*Input data*

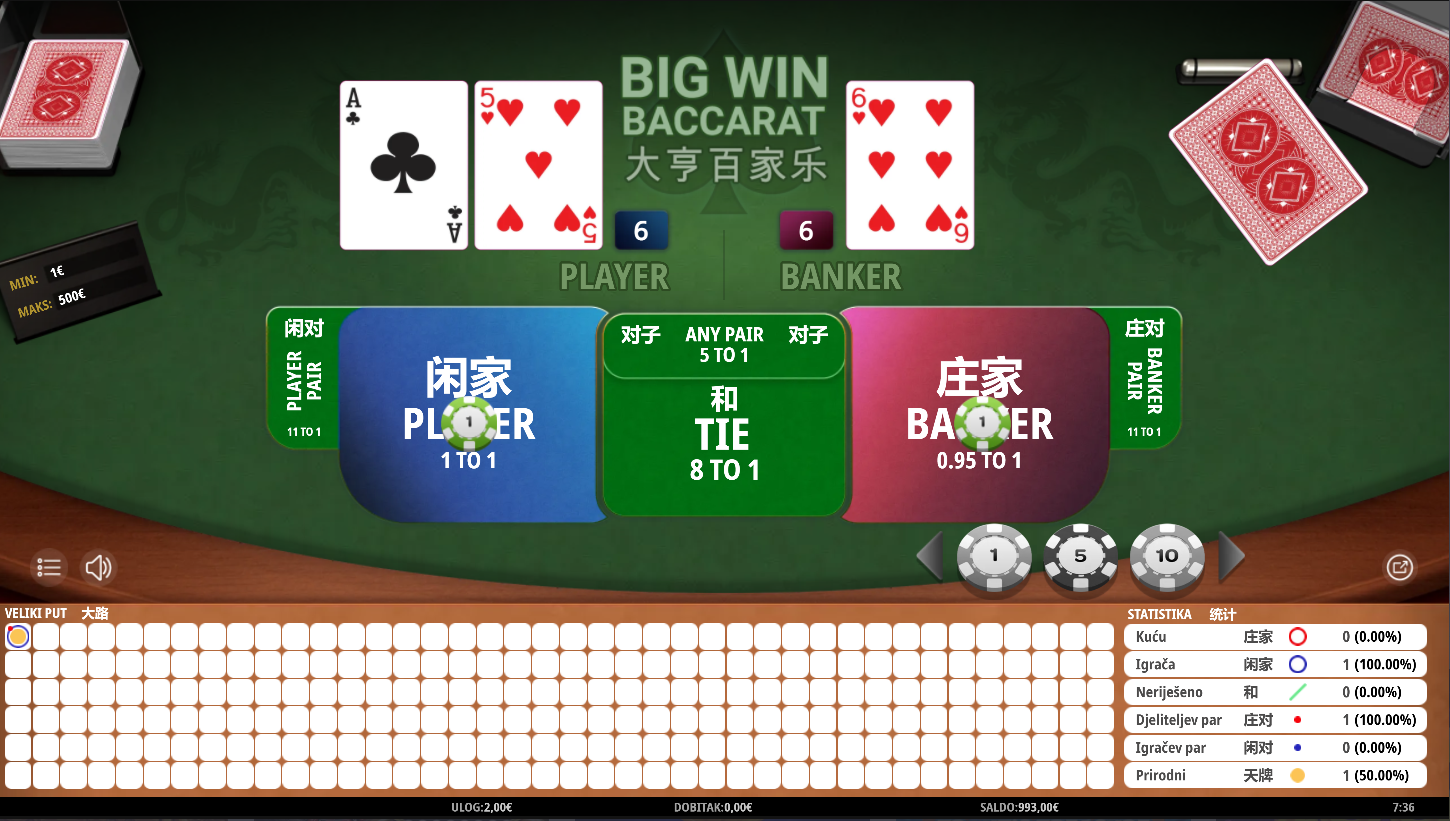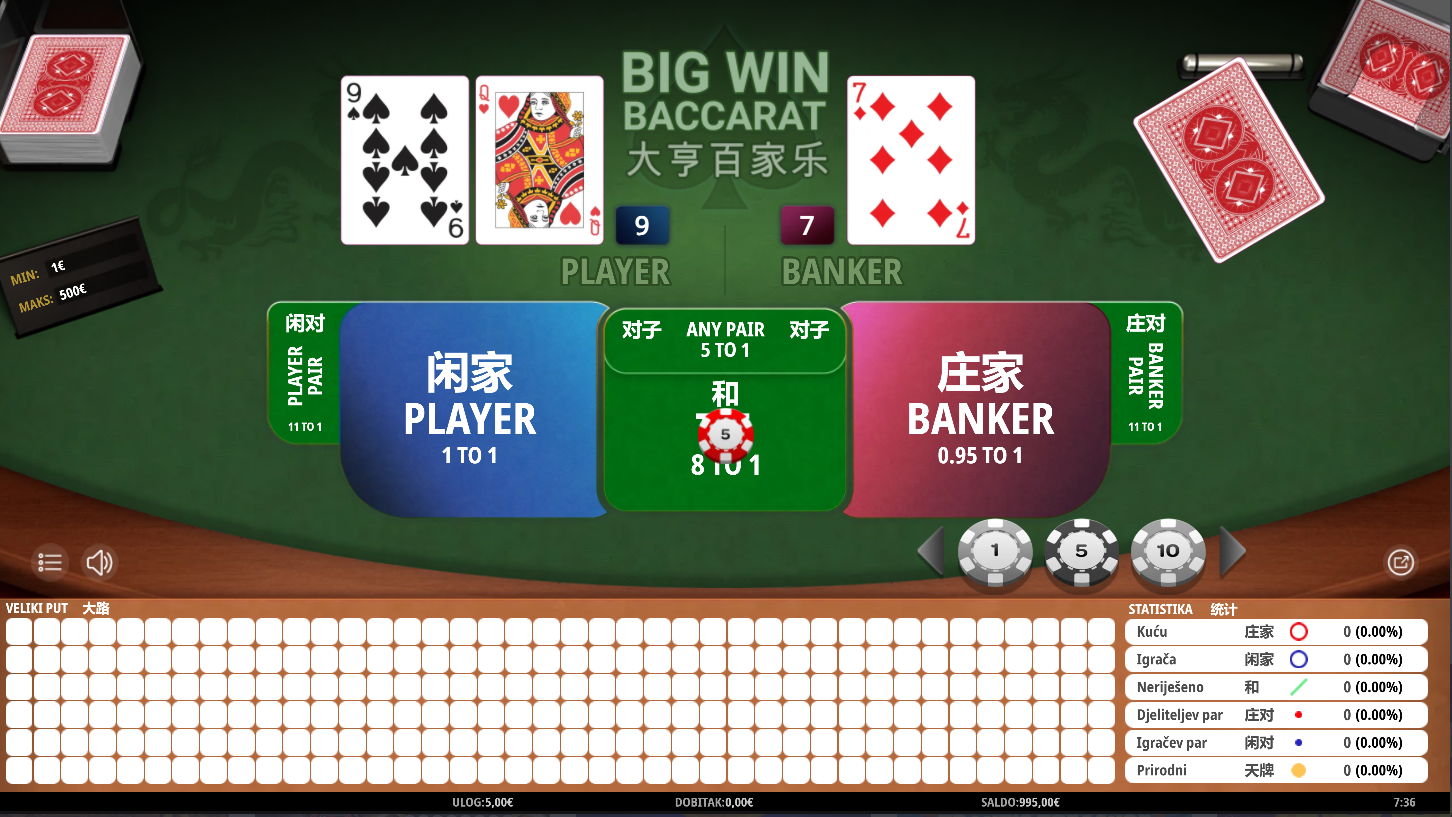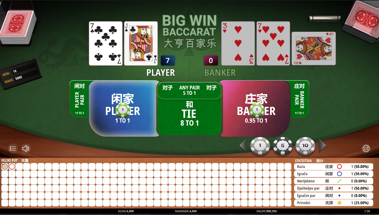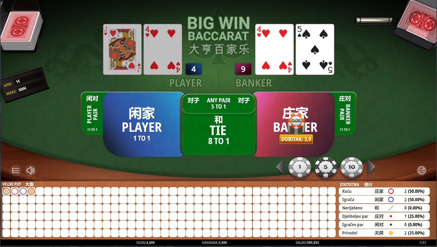 4. Koji su minimalni i maksimalni ulozi u igri Big Win Baccarat?
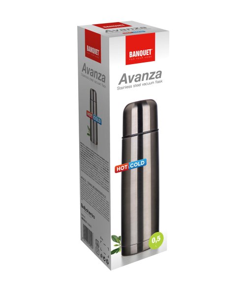 Nerezová termoska AVANZA Metallic Black. Nerezové termosky jsou velmi odolné a bezpečné, nehrozí rozbití vložky či opaření při manipulaci. Teplotní pokles je závislý na teplotě nápoje při plnění, množství nápoje, teplotě okolí.
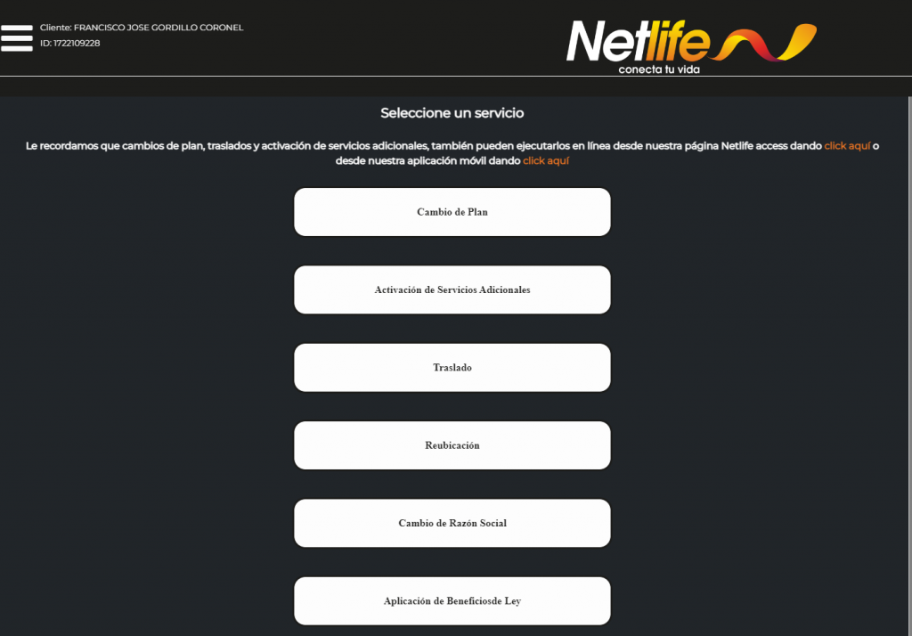 Netlife es la principal empresa proveedora de servicios de internet para todo Ecuador. Con operaciones en 24 provincias y una cartera de más de 500 mil clientes en todo el país, Netlife requería un sistema con la robustez tecnológica necesaria para atender una alta demanda de consultas diarias, que eran manejadas únicamente en sucursales, lo cual generaba un alto tráfico en las tiendas, largas filas y largos tiempos de espera.
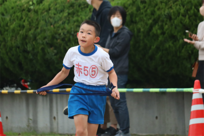 よーい、スタート!一斉に走り出しました。勢い余ってスタート直後の坂でこけてしまったお友達もいましたが、最後まで力走を見せてくれました。

*Exercise brief*
Starting with the top line, write out all the data above exactly; keep the pictures out.

*Written reply*
 4. Koji su minimalni i maksimalni ulozi u igri Big Win Baccarat?
 Nerezová termoska AVANZA Metallic Black. Nerezové termosky jsou velmi odolné a bezpečné, nehrozí rozbití vložky či opaření při manipulaci. Teplotní pokles je závislý na teplotě nápoje při plnění, množství nápoje, teplotě okolí.
 Netlife es la principal empresa proveedora de servicios de internet para todo Ecuador. Con operaciones en 24 provincias y una cartera de más de 500 mil clientes en todo el país, Netlife requería un sistema con la robustez tecnológica necesaria para atender una alta demanda de consultas diarias, que eran manejadas únicamente en sucursales, lo cual generaba un alto tráfico en las tiendas, largas filas y largos tiempos de espera.
 よーい、スタート!一斉に走り出しました。勢い余ってスタート直後の坂でこけてしまったお友達もいましたが、最後まで力走を見せてくれました。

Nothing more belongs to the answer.